FSA vs HSA: Which One Actually Saves You More Money?
FSA vs HSA: Which One Actually Saves You More Money?
Both FSAs and HSAs let you pay for medical expenses with pre-tax dollars. But they work very differently — and choosing the wrong one can cost you hundreds of dollars a year. Here's what each account actually does and how to decide which one makes sense for your situation.
What an HSA Is
A Health Savings Account (HSA) is a tax-advantaged account you can use to pay for qualified medical expenses. To open one, you must be enrolled in a High-Deductible Health Plan (HDHP) — a specific type of insurance plan with a higher deductible and lower monthly premium than traditional coverage.
The HSA has a triple tax advantage that makes it one of the most powerful savings tools available:
- Contributions go in pre-tax (or are tax-deductible if you contribute directly)

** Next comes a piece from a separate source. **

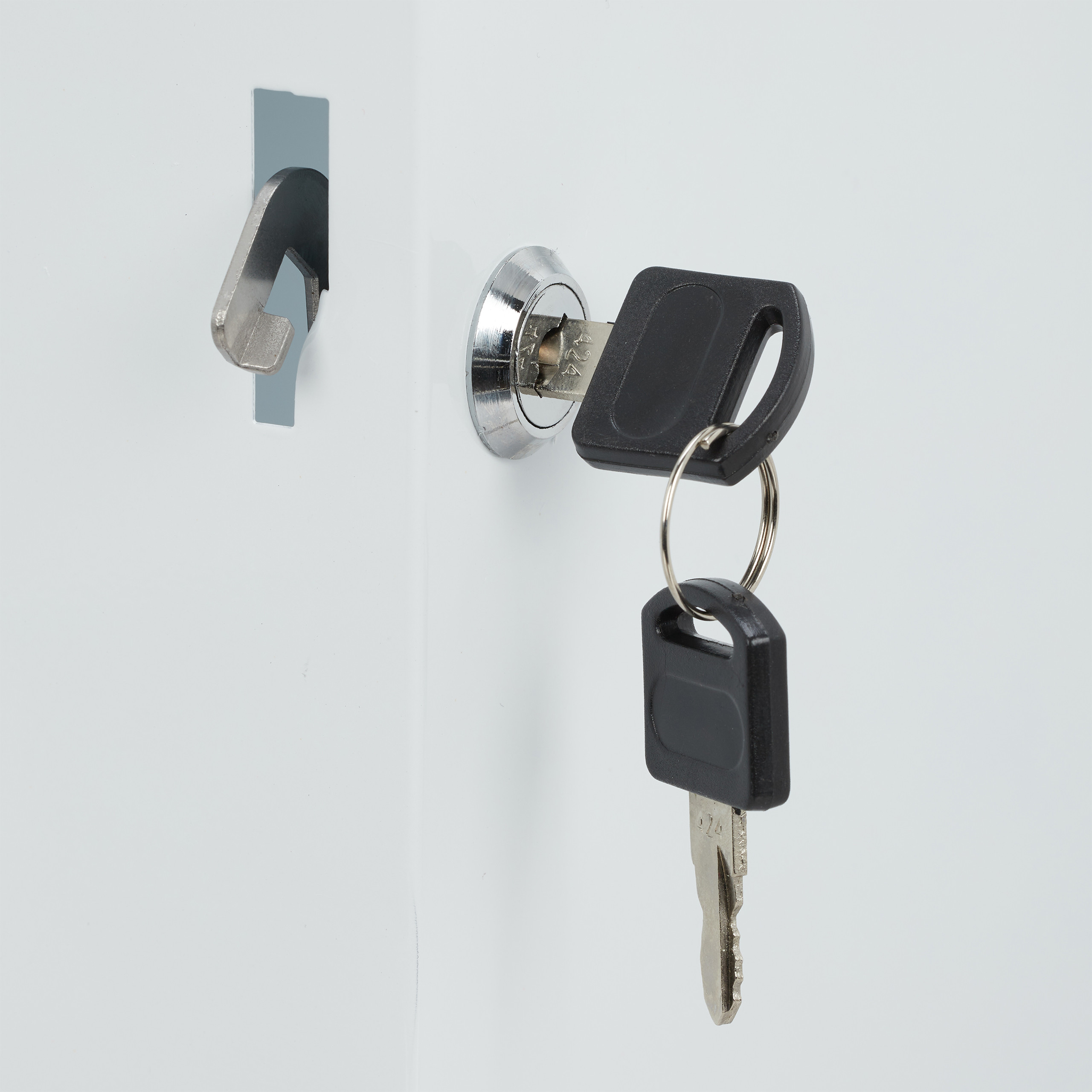 - Saugumas: Siekiant apsaugoti nuo vaikų ar pašalinių asmenų, spintelė yra rakinama pridedamais raktais.
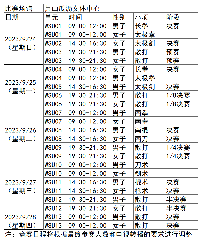 杭州亞運(yùn)會(huì)武術(shù)項(xiàng)目比賽時(shí)間為9月24日-28日,在蕭山瓜瀝文化體育中心舉行,共產(chǎn)生15枚金牌。

- Money grows tax-free inside the account
- Withdrawals for qualified medical expenses are tax-free
For 2024, you can contribute up to $4,150 as an individual or $8,300 for a family. If you're 55 or older, you can add an extra $1,000 catch-up contribution.
The money rolls over every year — there's no "use it or lose it" rule. Many people treat their HSA as a long-term investment account, letting it grow for decades and using it to cover healthcare costs in retirement.
What an FSA Is
A Flexible Spending Account (FSA) is also a pre-tax account for medical expenses, but it comes with important differences. FSAs are employer-sponsored — you can't open one on your own — and they don't require a high-deductible health plan.
For 2024, the FSA contribution limit is $3,200. Unlike an HSA, FSA funds are generally subject to a "use it or lose it" rule — money left in your account at the end of the plan year is forfeited. Some employers offer a grace period (up to 2.5 months) or a carryover option (up to $640 in 2024), but not all do.
There's also a dependent care FSA (DCFSA), which covers childcare and dependent care costs — that's a separate account with its own limit ($5,000 per household).
HSA vs FSA — Direct Comparison
| Feature | HSA | FSA |
|---|---|---|
| Who can open one | Anyone enrolled in a qualifying HDHP | Must be offered by employer |
| Health plan required | Yes — HDHP only | No — works with any plan |
| 2024 contribution limit | $4,150 (individual) / $8,300 (family) | $3,200 |
| Rollover | Full rollover — no expiration | Use it or lose it (limited carryover) |
| Portable | Yes — yours even if you change jobs | No — tied to your employer |
| Investment options | Yes — can invest in mutual funds, ETFs | No — cash only |
| Tax advantage | Triple (in, growth, out) | Single (contributions only) |
| Funds available immediately | Only what you've contributed so far | Full annual election available day one |
What Counts as a Qualified Medical Expense
Both accounts cover a broad range of expenses — doctor visits, prescriptions, dental care, vision care, mental health treatment, and many over-the-counter medications and products. Since 2020, OTC drugs no longer require a prescription to qualify.
HSA funds used for non-medical expenses before age 65 are subject to income tax plus a 20% penalty. After 65, you can use HSA money for anything — you'll just pay regular income tax on it, similar to a traditional IRA.
Which One Should You Choose
You don't always get to choose — it depends on what your employer offers and what health plan you're enrolled in. But if you have options, here's how to think about it:
Choose an HSA if:
- You're enrolled in an HDHP and are relatively healthy
- You want to build long-term savings for retirement healthcare costs
- You want the money to roll over and grow year after year
- You're self-employed and managing your own benefits
Choose an FSA if:
- You're not eligible for an HSA (not on an HDHP)
- You have predictable medical expenses you'll definitely spend in the year
- You want access to the full year's funds on January 1st
- Your employer contributes to your FSA
Can You Have Both?
Generally, no — you can't contribute to both a standard FSA and an HSA at the same time. However, there's an exception: a Limited Purpose FSA (LP-FSA) covers only dental and vision expenses, and it can be used alongside an HSA. If you're maxing out your HSA and want additional pre-tax dollars for dental and vision, an LP-FSA is worth asking about.
The Bottom Line
If you qualify for an HSA, it's almost always the better long-term choice — the triple tax advantage and rollover flexibility make it one of the most valuable accounts available. But an FSA is still a meaningful tax break, and it's often the only option for people on traditional health plans.
Either way, leaving these accounts unused is leaving free tax savings on the table.